So, after I came out to my mother, she said not to try to force a label on myself and that I was most likely mistaken about my orientation. Her reasoning is that I'm a "loving person" and any emotions I feel for other girls are purely platonic, and I'm simply mistaking them for something else. Personally, attraction has always been something illusive for me. I've never been able to pin it down and really make sense of what it is in words, which plays right into my mother's claim. So, then, what constitutes sexual and/or romantic attraction? How is that different from "friendship" or platonic feelings of affection?
l honestly do not know. l can tell you l enjoy sex with women and knew l was attracted to them before l ever tried it.

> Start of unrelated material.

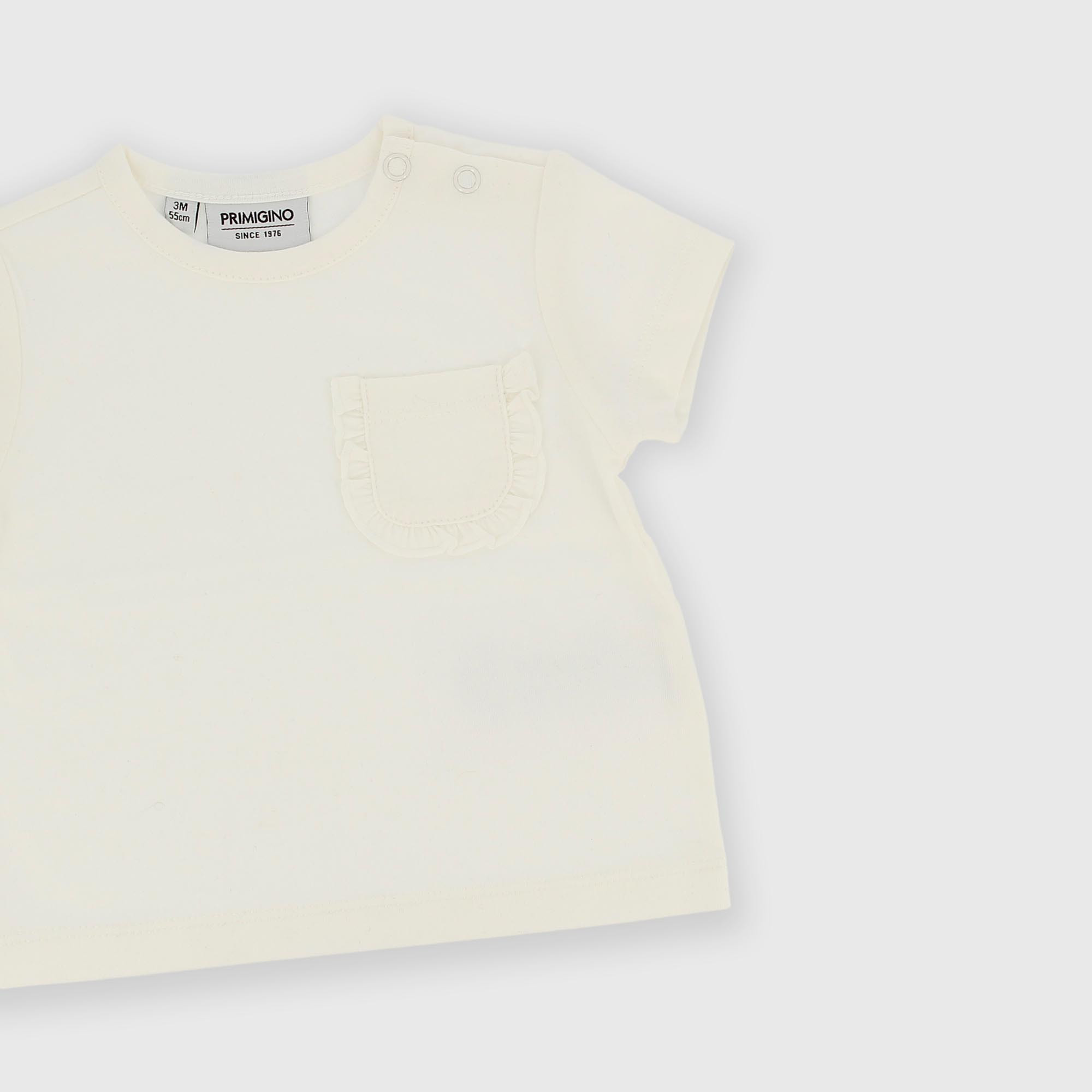 T-shirt en Jersey, col-rond, manches courtes. Fermeture avec bouton pression sur l'épaule. Poche avec volants sur la poitrine.

With men, it's very confusing. l especially want to know what the difference between chemistry and attraction is. l've had intense chemistry with a lot of men (and women), l can't tell if the physical aspect doens't feel as intense with those men because l simply don't feel attraction or am holding back because l'm unsure about my sexuality. When a person has a very clear-cut reaction to non-attraction they can make the distinction easily, l'd like to hear about how gay men especially separate amazing chemistry from physical attraction.

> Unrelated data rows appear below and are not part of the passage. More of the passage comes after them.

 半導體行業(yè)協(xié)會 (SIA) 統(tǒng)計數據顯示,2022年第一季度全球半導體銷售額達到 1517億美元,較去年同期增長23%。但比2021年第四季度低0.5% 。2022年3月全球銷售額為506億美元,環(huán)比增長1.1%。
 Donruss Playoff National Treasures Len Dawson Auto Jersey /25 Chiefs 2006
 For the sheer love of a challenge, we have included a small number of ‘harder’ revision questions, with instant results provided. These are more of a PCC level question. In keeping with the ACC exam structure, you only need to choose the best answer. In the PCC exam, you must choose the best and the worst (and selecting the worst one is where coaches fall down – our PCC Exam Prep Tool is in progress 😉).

Do you feel a tingle in your private parts when you look at or think of other girls naked? Do you feel a tingle when you look at or think of boys naked?
I was wondering about this too. I mean... I get crushes on girls, and if there's a woman gyrating on TV I can get off to that, but I don't see people on the street and pop a ladyboner. I don't know what it's like to look at someone walking around at the mall and think, "Damn, I wanna bang you." (Male or female) I might be thinking, "OMG please notice me notice me notice me I want to get to know you blah blah" but not really about jumping them, if that makes sense?
I'm romantically attracted to all genders, binary and outside of the binary. I lack sexual attraction to everyone. Romantic attraction to me, is, well, romantic. Being close and intimate with someone, but not necessarily sexual or involving sex. I'm physically attracted to people, but I don't want to have sex with them. I don't feel anything towards anyone in a sexual manner. I wouldn't say attraction is purely sexual arousal, because if that were the case, I wouldn't be attracted to anyone. I can differentiate my romantic attraction to somebody, from friendship. With friendship, I don't feel as "needy." I don't feel like pursuing a relationship, whereas in a relationship.. I like kissing, cuddling, being close. I'm physically attracted to whoever I'm pursing a relationship with, unlike with a friendship where I might lack those feelings. I guess it is tedious to try and describe.. I mean, I still don't even know what sexual attraction is and how it works, because I can't experience it myself.